### Excerpted records
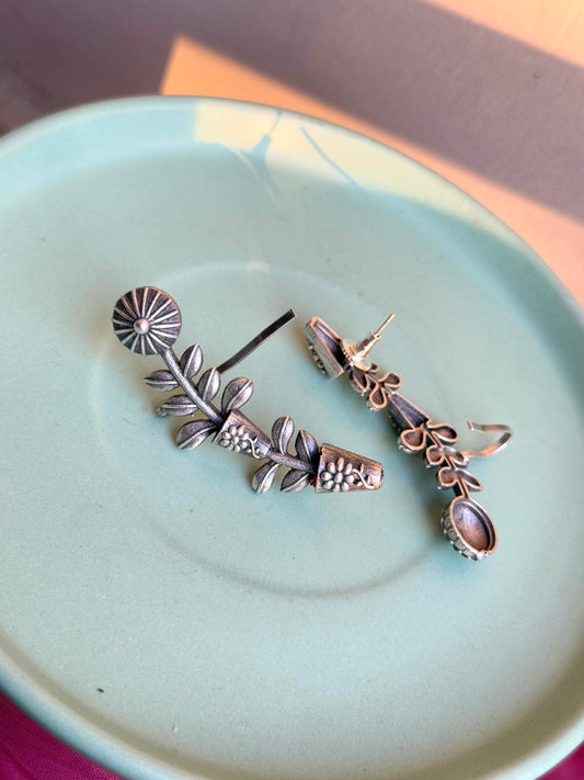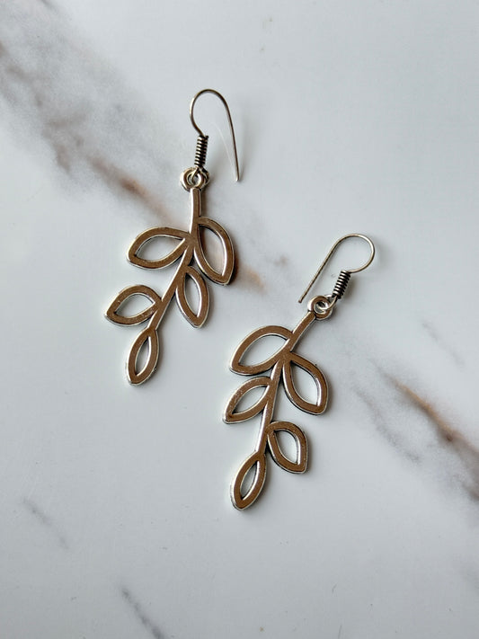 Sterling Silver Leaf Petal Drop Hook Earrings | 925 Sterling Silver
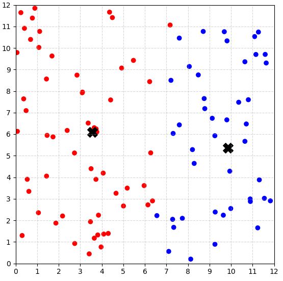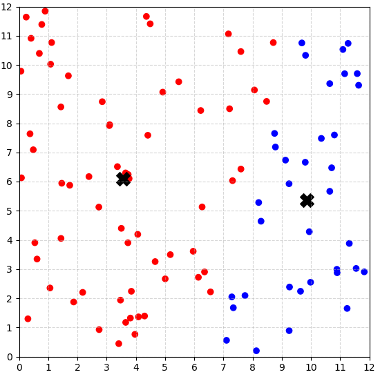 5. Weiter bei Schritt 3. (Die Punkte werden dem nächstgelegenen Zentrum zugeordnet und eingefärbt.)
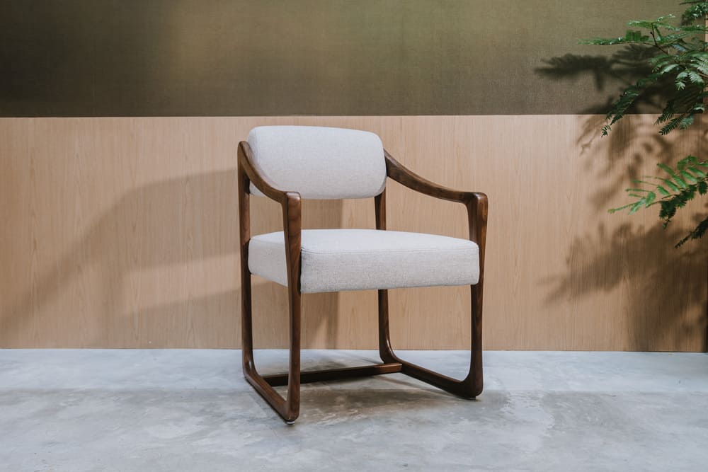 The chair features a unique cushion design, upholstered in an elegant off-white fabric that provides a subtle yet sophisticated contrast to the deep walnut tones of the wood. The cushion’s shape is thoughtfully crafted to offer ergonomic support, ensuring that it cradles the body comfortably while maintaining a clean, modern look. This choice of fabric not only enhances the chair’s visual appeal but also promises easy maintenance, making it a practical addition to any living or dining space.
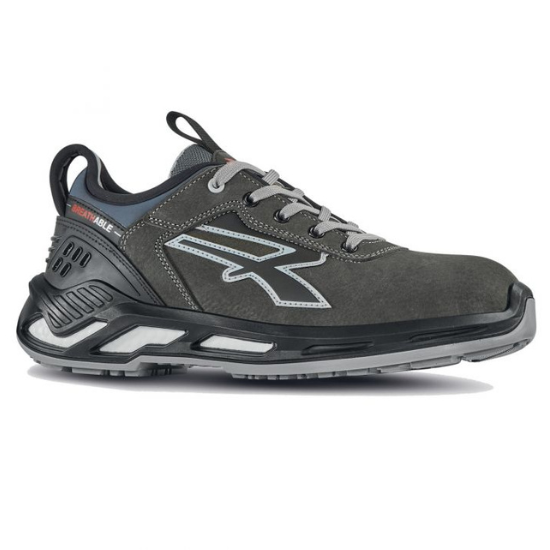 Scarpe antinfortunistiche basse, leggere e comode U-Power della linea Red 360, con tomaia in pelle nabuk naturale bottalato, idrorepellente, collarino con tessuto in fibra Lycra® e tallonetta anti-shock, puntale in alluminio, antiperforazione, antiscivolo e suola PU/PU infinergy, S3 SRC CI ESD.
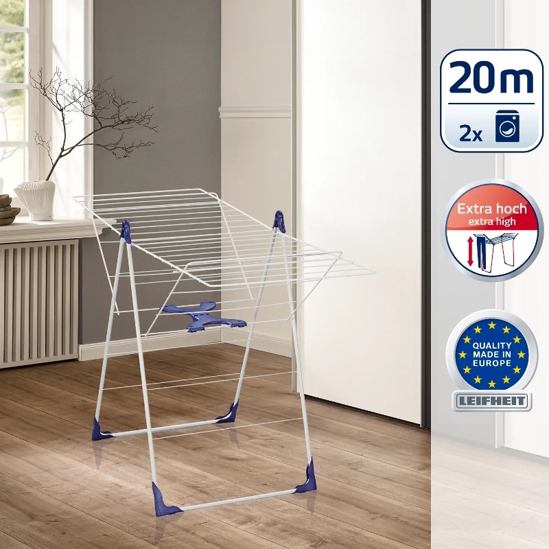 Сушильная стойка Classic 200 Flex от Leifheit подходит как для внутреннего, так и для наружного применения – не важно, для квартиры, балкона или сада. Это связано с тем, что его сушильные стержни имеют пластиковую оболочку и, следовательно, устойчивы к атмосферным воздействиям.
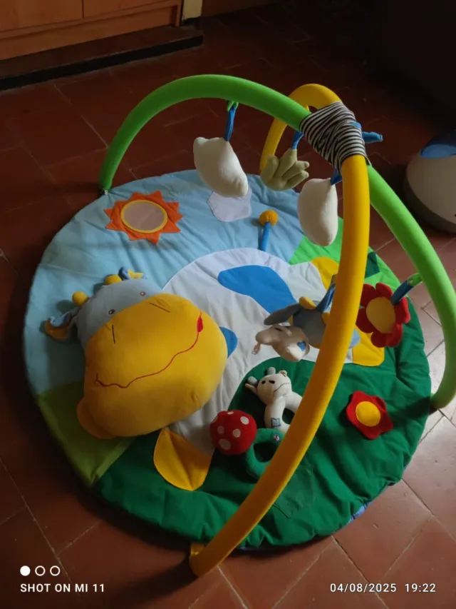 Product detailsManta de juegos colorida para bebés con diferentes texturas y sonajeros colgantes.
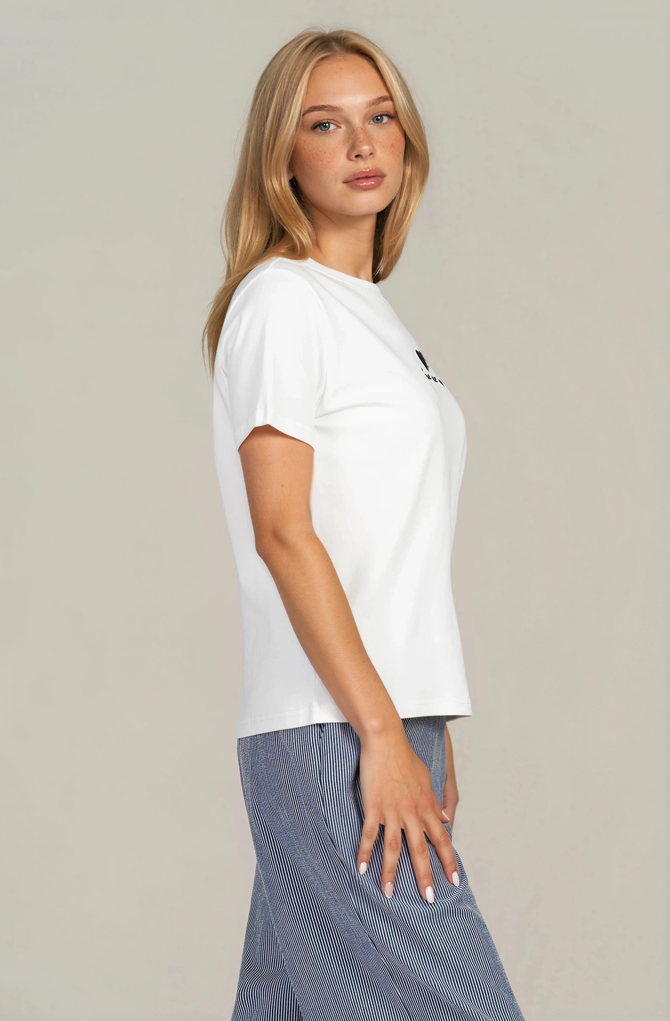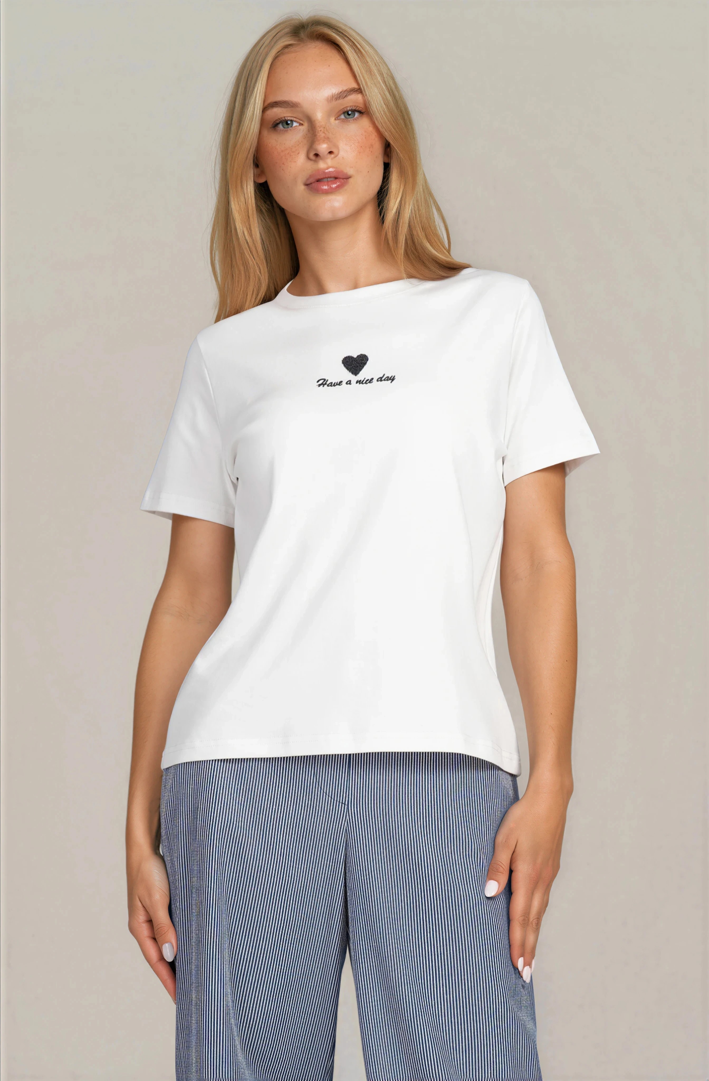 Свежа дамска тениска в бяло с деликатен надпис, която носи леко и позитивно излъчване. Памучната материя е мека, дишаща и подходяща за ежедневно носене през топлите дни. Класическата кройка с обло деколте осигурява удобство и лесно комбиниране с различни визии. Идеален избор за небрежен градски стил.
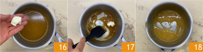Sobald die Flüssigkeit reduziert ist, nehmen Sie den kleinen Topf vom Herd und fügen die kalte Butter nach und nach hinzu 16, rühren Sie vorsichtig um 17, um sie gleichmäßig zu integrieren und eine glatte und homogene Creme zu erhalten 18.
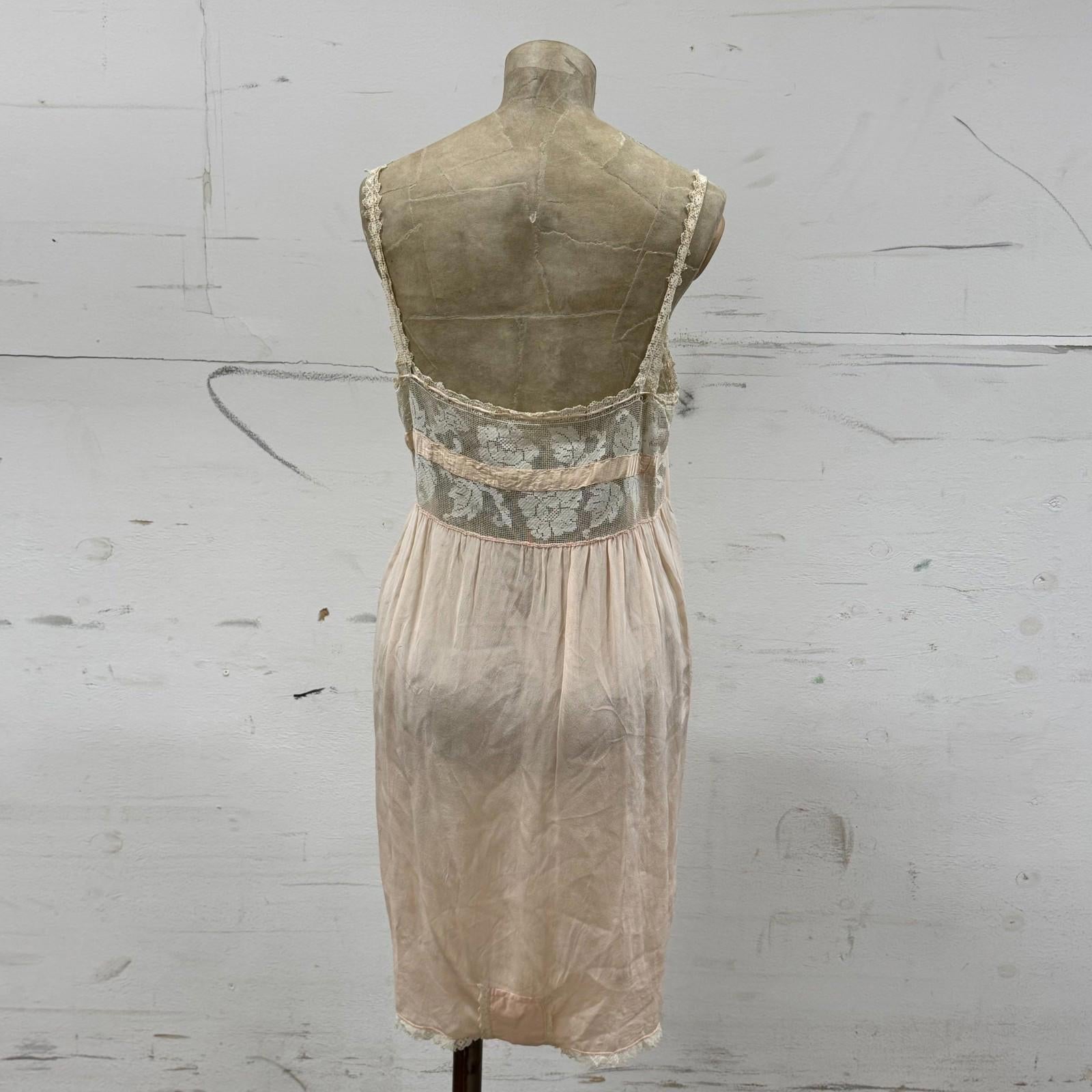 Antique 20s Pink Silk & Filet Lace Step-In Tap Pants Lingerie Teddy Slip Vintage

### Activity
Copy out exactly, with no pictures, the lines of the data from the first one through the line bearing "Scarpe antinfortunistiche basse, leggere".

### Result below
 Sterling Silver Leaf Petal Drop Hook Earrings | 925 Sterling Silver
 5. Weiter bei Schritt 3. (Die Punkte werden dem nächstgelegenen Zentrum zugeordnet und eingefärbt.)
 The chair features a unique cushion design, upholstered in an elegant off-white fabric that provides a subtle yet sophisticated contrast to the deep walnut tones of the wood. The cushion’s shape is thoughtfully crafted to offer ergonomic support, ensuring that it cradles the body comfortably while maintaining a clean, modern look. This choice of fabric not only enhances the chair’s visual appeal but also promises easy maintenance, making it a practical addition to any living or dining space.
 Scarpe antinfortunistiche basse, leggere e comode U-Power della linea Red 360, con tomaia in pelle nabuk naturale bottalato, idrorepellente, collarino con tessuto in fibra Lycra® e tallonetta anti-shock, puntale in alluminio, antiperforazione, antiscivolo e suola PU/PU infinergy, S3 SRC CI ESD.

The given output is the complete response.